- Opening Delimiter -

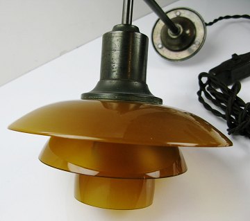Poul Henningsen (1894-1967), PH nedadlysende væglampe med metalfatningshus og patinerede metaldele, monteret med 2/2 ravfarvede skærme. Produceret hos Louis Poulsen fra 1931.
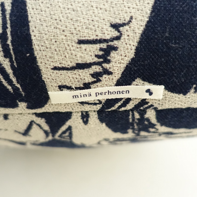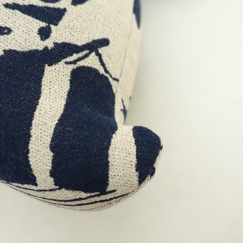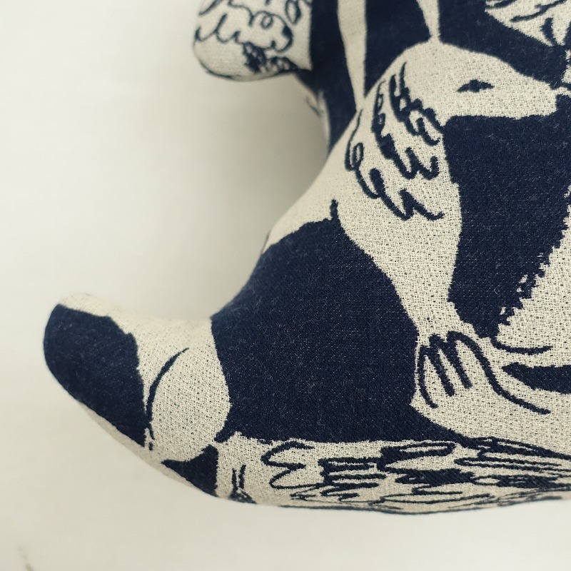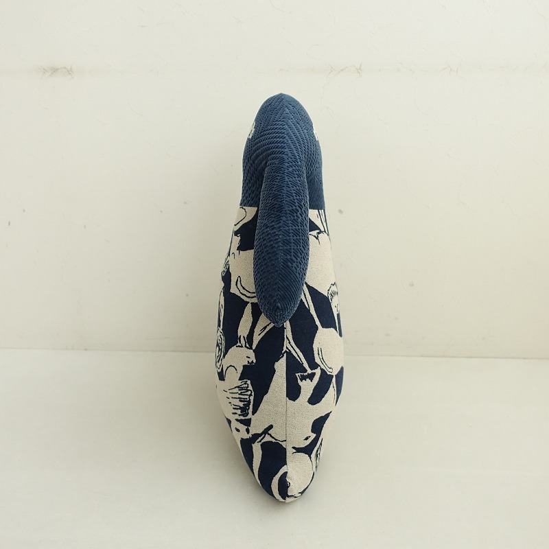 mina perhonenのlife puzzle うさぎクッションです。ボディ部分はネイビーベースにアイボリーでlife puzzleのテキスタイルが施された生地で、お顔はくすみブルーのland puzzleの別地に切り替えられています。 目や鼻の刺しゅうはアイボリーで施されており、定価(メーカー希望小売価格)22,000円の商品です。 |
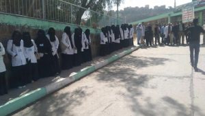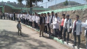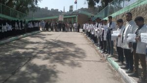 نظم كوادر واطباء مستشفى الشهيد علي عبدالمغني بمديرية السدة محافظة إب وقفة احتجاجية تنديدا باستمرار الحصار واحتجاز سفن المشتقات النفطية .
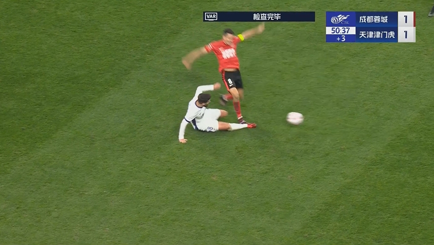 【判例二】:中超聯(lián)賽第2輪,成都蓉城VS天津津門(mén)虎,比賽第45+3分鐘,成都蓉城8號(hào)隊(duì)員在爭(zhēng)搶球時(shí)疑似踩踏天津津門(mén)虎8號(hào)隊(duì)員,裁判員未判罰犯規(guī),VAR介入,裁判員經(jīng)在場(chǎng)回看后,判罰成都蓉城8號(hào)隊(duì)員嚴(yán)重犯規(guī),并向其出示紅牌罰令出場(chǎng)。

- Closing Delimiter -

__Your task__: Copy nothing but the lines from the top of the data down to the line containing "نظم كوادر واطباء", and leave the pictures out.

__Answer to the exercise__:
Poul Henningsen (1894-1967), PH nedadlysende væglampe med metalfatningshus og patinerede metaldele, monteret med 2/2 ravfarvede skærme. Produceret hos Louis Poulsen fra 1931.
 mina perhonenのlife puzzle うさぎクッションです。ボディ部分はネイビーベースにアイボリーでlife puzzleのテキスタイルが施された生地で、お顔はくすみブルーのland puzzleの別地に切り替えられています。 目や鼻の刺しゅうはアイボリーで施されており、定価(メーカー希望小売価格)22,000円の商品です。 |
 نظم كوادر واطباء مستشفى الشهيد علي عبدالمغني بمديرية السدة محافظة إب وقفة احتجاجية تنديدا باستمرار الحصار واحتجاز سفن المشتقات النفطية .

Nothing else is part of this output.